As expanding technology and infrastructure fuel global demand for resources, manufacturing powerhouses India and China, are eyeing the ocean
CHENNAI, Dec 5 (Thomson Reuters Foundation) – In the 1870 Jules Verne classic “20,000 Leagues Under the Sea”, underwater explorer Captain Nemo predicted the mining of the ocean floor’s mineral bounty – zinc, iron, silver and gold.
India is catching up with that only now, as it prepares to unearth treasures down below, aiming to boost its economy. The floor of the world’s seas is scattered with vast beds of black potato-shaped polymetallic nodules comprising copper, nickel, cobalt, manganese, iron and rare earth elements.
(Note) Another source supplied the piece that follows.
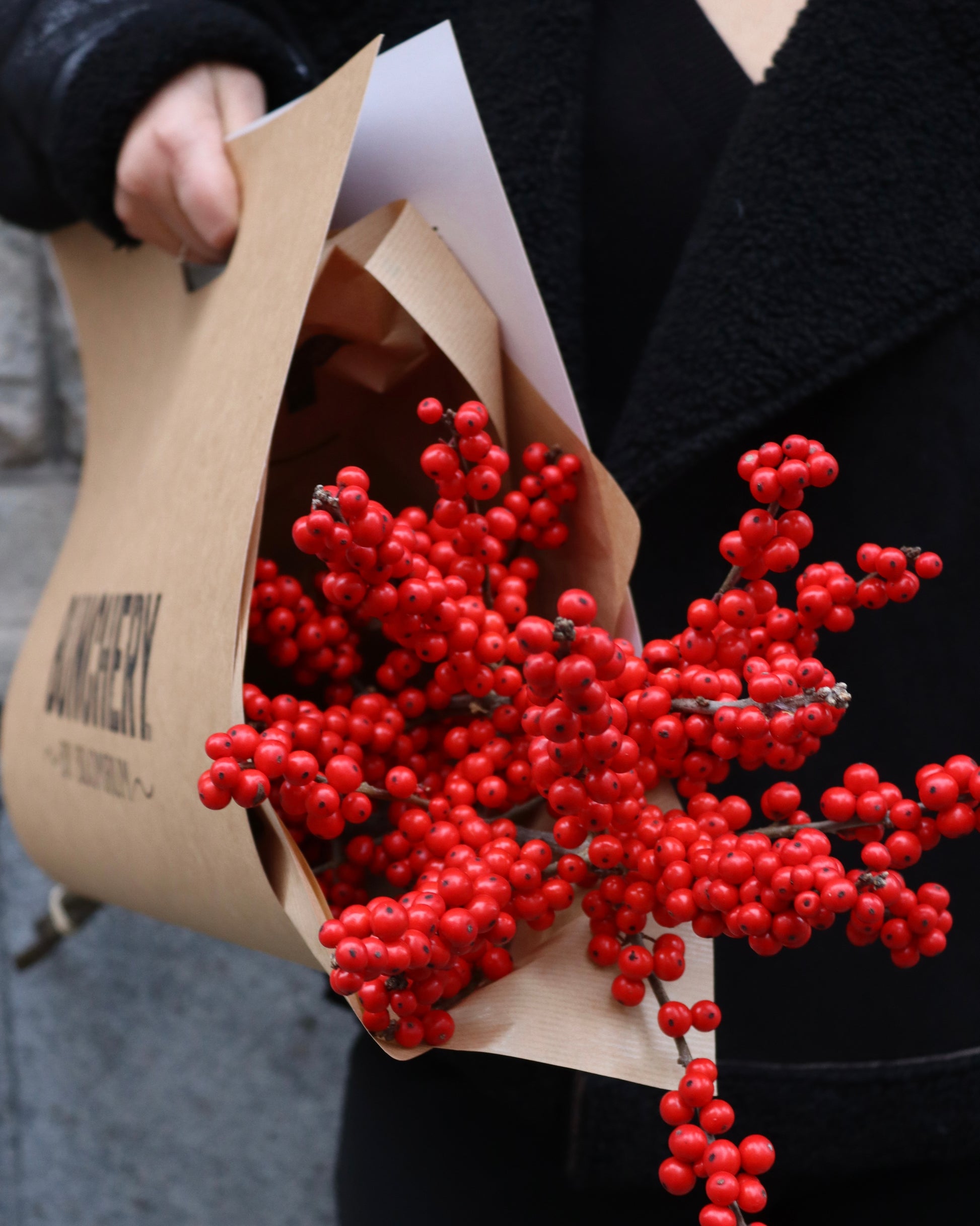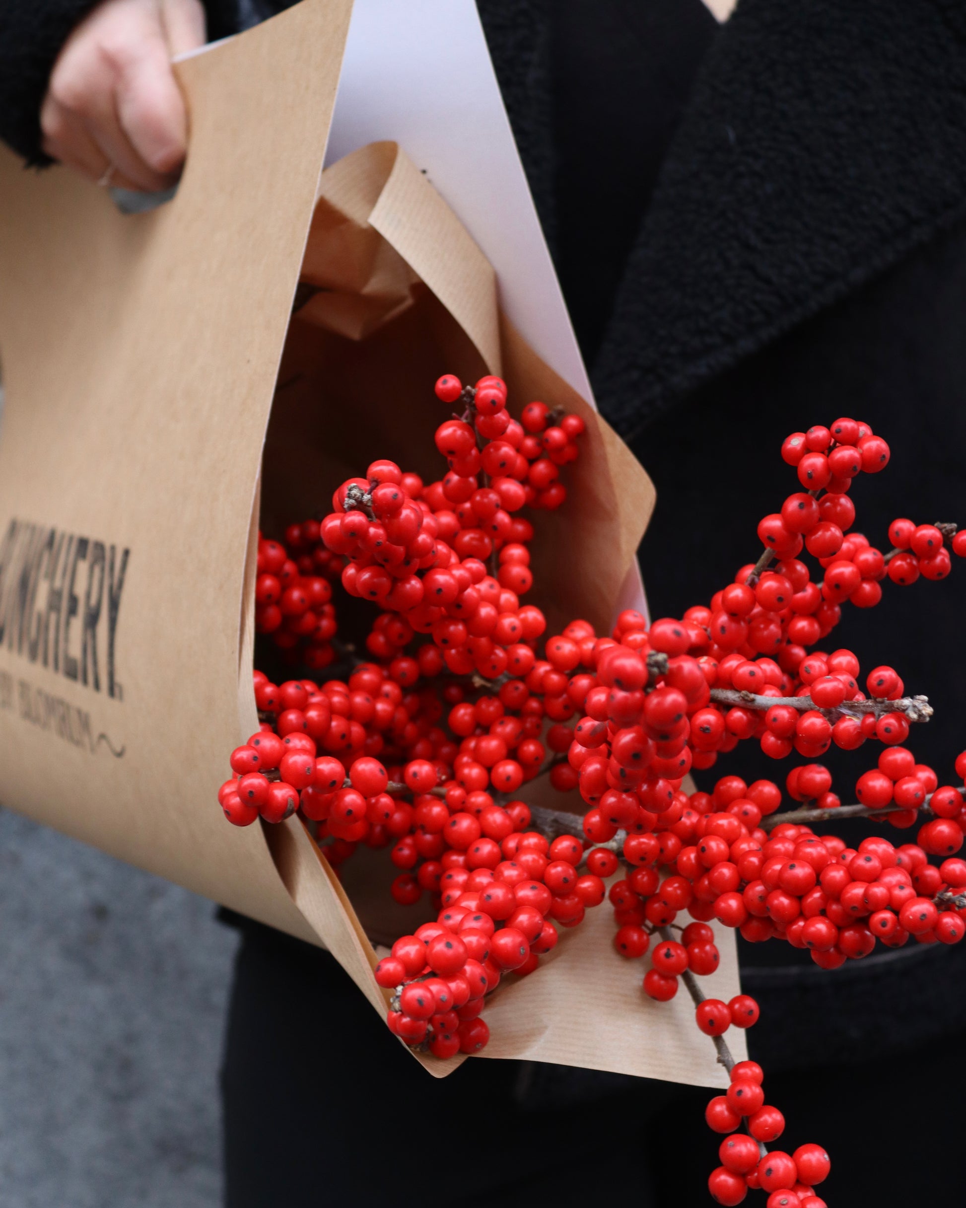 Ilexbär är en dekorativ snittblomma som skiftar i rött. De passar fint till amaryllis och en bunt grönt, men även andra snittblommor.

These natural goodies are key to making modern gadgets, from smartphones and laptops to pacemakers, hybrid cars and solar panels. As expanding technology and infrastructure fuel global demand for these resources – whose supply is dwindling fast onshore – more and more countries, including manufacturing powerhouses India and China, are eyeing the ocean.
“We have to depend on ocean resources sooner or later … there is no other way,” said Gidugu Ananda Ramadass, head of India’s deep sea mining project at the National Institute of Ocean Technology (NIOT) in the southern city of Chennai.
“For the future of mankind … the ocean is the only hope,” he told the Thomson Reuters Foundation. India, Asia’s third-largest economy, is going full steam ahead in anticipation of the International Seabed Authority (ISA) – a U.N. body that oversees mining on the high seas – giving the green light for commercial exploitation.